Соллерс следующими словами заключает изящное описание мученичества св. Себастьяна"/: Местоимение он может быть уподоблено луку, а я - стреле. Стрела должна вылетать из лука, как язык пламени из огня... но и столь же легко возвращаться обратно... и тогда - ч может стать тем, что питает огонь, сгорая в нем.

Таков субъект, герой Драмы, рассказчик как таковой. Герой этот стремится что - то рассказать; для него истинная история - это ставка, оправдывающая все его начинание, его надежды, уловки, на которые он пускается, потери, которые он несет, - словом, всю его деятельность в качестве повествователя (поскольку он - только повествователь) [IV]. История (роман) важна для Драмы настолько, что она превращается в объект поиска: история здесь - это сама жажда истории. Каков же тот подлинный сюжет, отыскать который так стремится субъект и поиск которого как раз и составляет книгу? Этого мы никогда не узнаем, если забудем, что в Драме (в отличие от обычного романа) рядом с повествователем нет никакого другого персонажа, объективную загадку которого требуется изобразить; ожидая от Драмы той же занимательности, что и от детектива, то есть забывая о повествователе истории ради действующего в ней персонажа, мы так и не узнаем развязки Драмы, так и не поймем, какова же та истинная история, о которой столь интригующе упоминают и намекают на протяжении всей книги; однако, если мы осознаем, что загадка персонажа - это на самом деле загадка самого повествователя (ибо он - единственный сюжетный актант), нам сразу же станет ясно, что истинная история - это не что иное, как тот самый поиск, о котором нам рассказывают. В подобной тавтологии нет никакой софистики.

То, что отсутствие истории (в плане вымысла) способно породить историю всецело осязаемую (в плане письма), что нулевая степень действия приводит к смысловой полноте, к значимой отмеченности речи, что событие (драма) некоторым образом перемещается из сферы действительности, которую обычно принято воспроизводить (будь то реальность, сновидение или вымысел), в само движение слов, каждое из которых подобно взгляду, устремленному на эту действительность, - все это, быть может, способно стать отправной точкой для появления абсолютно реалистических произведений. Сервантес и Пруст создали книги, где встреча с миром происходила в процессе поиска истинной Книги; они справедливо полагали, что, имея перед глазами модель писаного текста (рыцарских романов или желанной книги), то есть письмо как таковое, и не сосредоточиваясь в то же время на той истории, которая непосредственно предстает перед читателем, они смогут попутно создать целый мир - и притом самый что ни на есть реальный

Точно так же, осуществляя замысел, сугубо литературный по своему характеру, повествователь у Соллерса тем не менее проделывает свой путь в чувственном мире (это та самая поэма, о которой шла речь вначале), однако мир этот способен быть живым (вполне избавленным от нечистой совести.

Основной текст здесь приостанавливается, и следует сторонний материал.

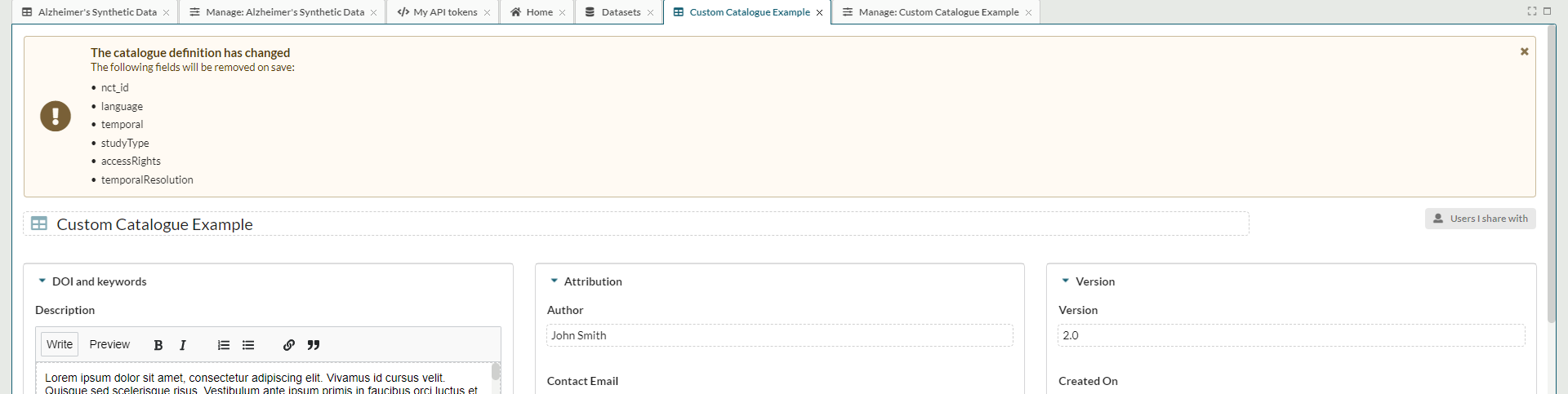 Similarly, if the new catalogue template contains required fields that do not exist in the previous template for the dataset, the data owner does not need to complete these until the first time they edit the dataset.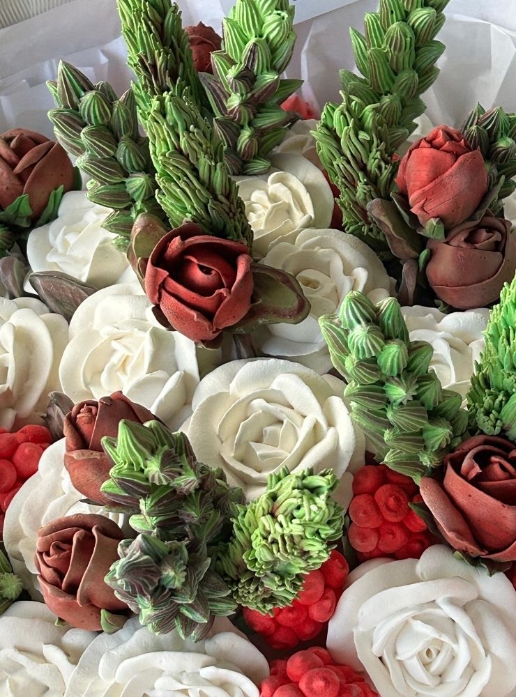 Kutudaki tüm laleler tamamen yenilebilir marshmallow malzemesinden üretilmiştir.

Известно, что существительные со значением действия (в латыни имевшие окончание tio) обычно воспринимаются как статичные, обозначающие просто конечный результат этого действия: так, описание - это уже не сам процесс описания, это его результат, неподвижная картина, не более. Слово повествование должно в нашем случае избежать подобного семантического вырождения. В Драме перед нами предстает не объект повествования, но сама повествовательная работа. Эта едва уловимая черта, отделяющая продукт от акта его создания, повествование - объект от повествования - работы, представляет собой исторический водораздел между классическим рассказом, подготовленным предварительным трудом и рождающимся из него, словно Афина, уже в полном вооружении, и современным текстом, который, напротив, стремится совпасть с самим актом высказывания и, позволяя следить за процессом собственной выработки, в конечном счете может быть прочитан только как работа. Это различие хорошо видно на примере одной из классических повествовательных форм, по видимости весьма близкой к рассказу - труду: я имею в виду вставные сюжеты, когда повествователь, выступая в роли персонажа, объявляет, что сейчас он нам что - то расскажет, после чего следует соответствующая история. Роман, подобный Драме, уничтожает именно такое шлюзование повествовательного потока.

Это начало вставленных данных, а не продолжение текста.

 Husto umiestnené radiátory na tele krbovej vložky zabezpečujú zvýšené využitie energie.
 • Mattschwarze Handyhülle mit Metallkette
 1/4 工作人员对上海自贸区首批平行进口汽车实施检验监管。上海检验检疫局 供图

Классический повествователь располагается перед нами - примерно в том же смысле, в каком употребляется выражение усесться за стол (даже и применительно к дознанию), - и выкладывает перед нами продукт своего труда (свою душу, знания, воспоминания); в области пунктуации об этой позиции повествователя сигнализирует двоеточие - завершение вступительной части, готовой расцвести увлекательнейшим рассказом. В Драме рассказчик стирает двоеточие, отказывается от привычной повествовательной позиции: его место - не за столом, не перед своим рассказом; его работа - это, скорее, постоянное перемещение, цель которого - двигаться сквозь повествовательные коды, убирая ими, словно коврами, стены того бесконечного коридора, по которому он путешествует, - то есть пространство текста - примерно так же, как если бы множество писателей одновременно стали составлять мозаику из фрагментов сказаний, чтобы превратить развертывание словесной цепи в сценическое пространство словесного действа.

На каком уровне моего собственного я и внешнего мира я, в состоянии утверждать, что со мной происходят какие - то события? Во времена глубокой древности поэты, создатели эпических песен, существовавших еще задолго до Илиады, заклинали устрашающее отсутствие устойчивой завязки рассказа (начать ли его с этого места или с какого-нибудь другого?) посредством зачина.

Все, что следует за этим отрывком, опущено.